Nice fishes. The Marginatus looks Wicked


----------



## salvo85 (Jul 25, 2010)

very nice pic and fantastic serra


----------



## caribemob (Jan 14, 2008)

your Marginatus is just ridiculous bro , Good job with him


----------



## TheCableGuy (Feb 22, 2005)

Da said:


> Hey Trev,
> No objections to Stone Temple Pilots?!!....


Non whatsoever, STP is a lot better then Pat Benatar


----------



## Uno (Feb 6, 2010)

i like


----------



## Moondemon (Dec 9, 2006)

Nice pictures Trevor !!! 
I can't wait to see that marginatus again... he looks badass !!


----------



## TheCableGuy (Feb 22, 2005)

Moondemon said:


> Nice pictures Trevor !!!
> *I can't wait to see that marginatus again*... he looks badass !!


Then get your ass in Blainville already!!!!


----------



## DUMP TRUCK (Sep 8, 2010)

primetime3wise said:


> very nice
> 
> 
> 
> ...


ya oont me 2


----------



## e46markus (Dec 9, 2010)

Nice camera skills, both fish look great!


----------



## Lifer374 (Dec 5, 2003)

Somehow I missed this thread.

Just a fabulous Marginatus Cableguy.

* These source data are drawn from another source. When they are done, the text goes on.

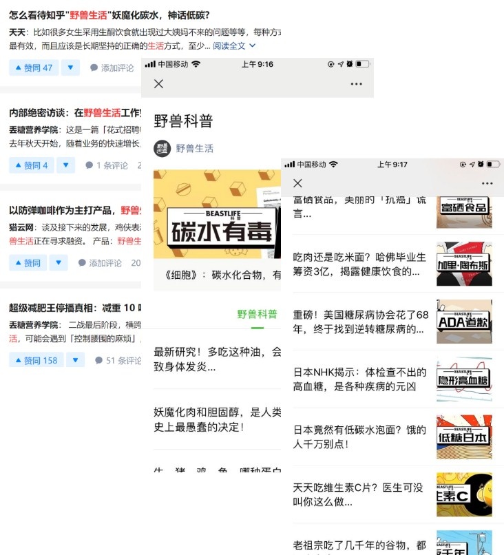 野兽生活****发展历程:2015年底, 「野兽生活」创立,早期受益于微信公众号 的红利,通过健康生活方式类内容获取了第一批几万人的种子用户。2016年, 开始做外卖餐饮类产品, 面向健身减脂人群推出低碳水午餐。2017年, 野兽生活开始转型做快消品 ,推出了防弹冲饮系列和能量棒产品。今年上线了预包装食品品牌“丢糖”,是面向大众消费者需求的一个探索尝试。
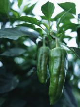 辣椒 | 本种原来的分布区在墨西哥到哥仑比亚;世界各国普遍栽培。中国已有数百年栽培历史,为重要的蔬菜和调味品,种子油可食用、果亦有驱虫和发汗之药效。由于长期人工栽培、杂交育种,品种繁多,中国也不下数十个品种。一般根据果实生长的状态、形状和大小、辣味的程度而划分为若干个变种。 | |
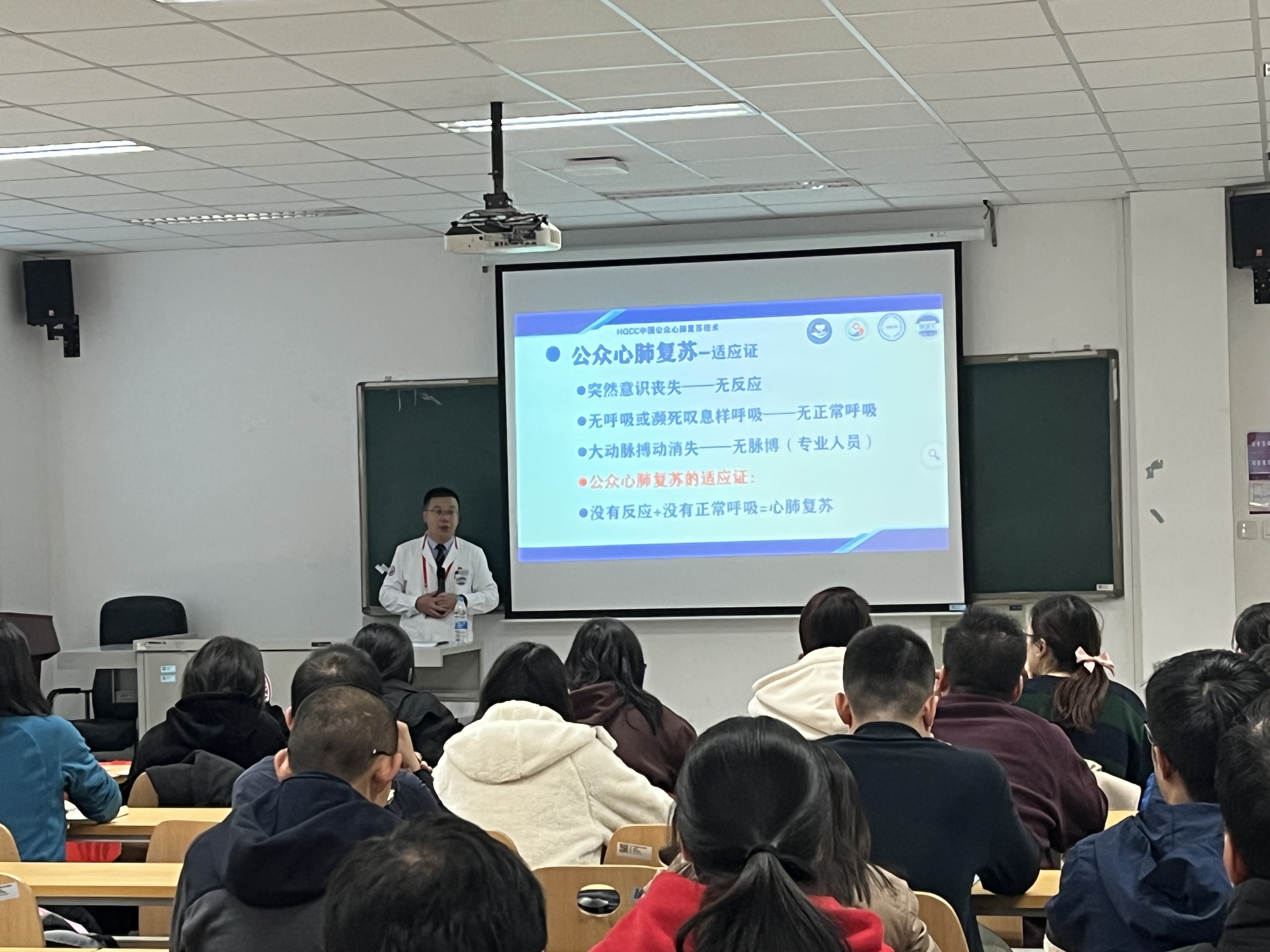 (通讯员:刘欣)11月9日上午,皇冠网址 联合天津市第三中心医院公众心肺复苏急救科普基地,在三教105开展应急救护培训。五十余名老师和同学参与了活动。此次培训是皇冠网址 消防安全宣传月的首场活动,进一步普及急救知识,提升师生自救互救能力。
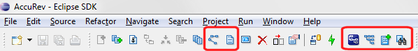 5. Restart Eclipse. Several new buttons appear on the AccuRev perspective toolbar as shown in the following illustration:

Those pictures sealed the deal...some day I'm going to have to keep one.


----------



## TheCableGuy (Feb 22, 2005)

Thanks Lifer


----------



## -AmA- (May 14, 2011)

The Marginatus is great , new pics plz


----------



## MFNRyan (Mar 27, 2011)

I wish I could catch some fish pictures like these. I have been trying like hell to get decent pictures. Mine all come out plain and blah.. I want to enter one in the POTM an your fish yawning would have won I'm sure!!


----------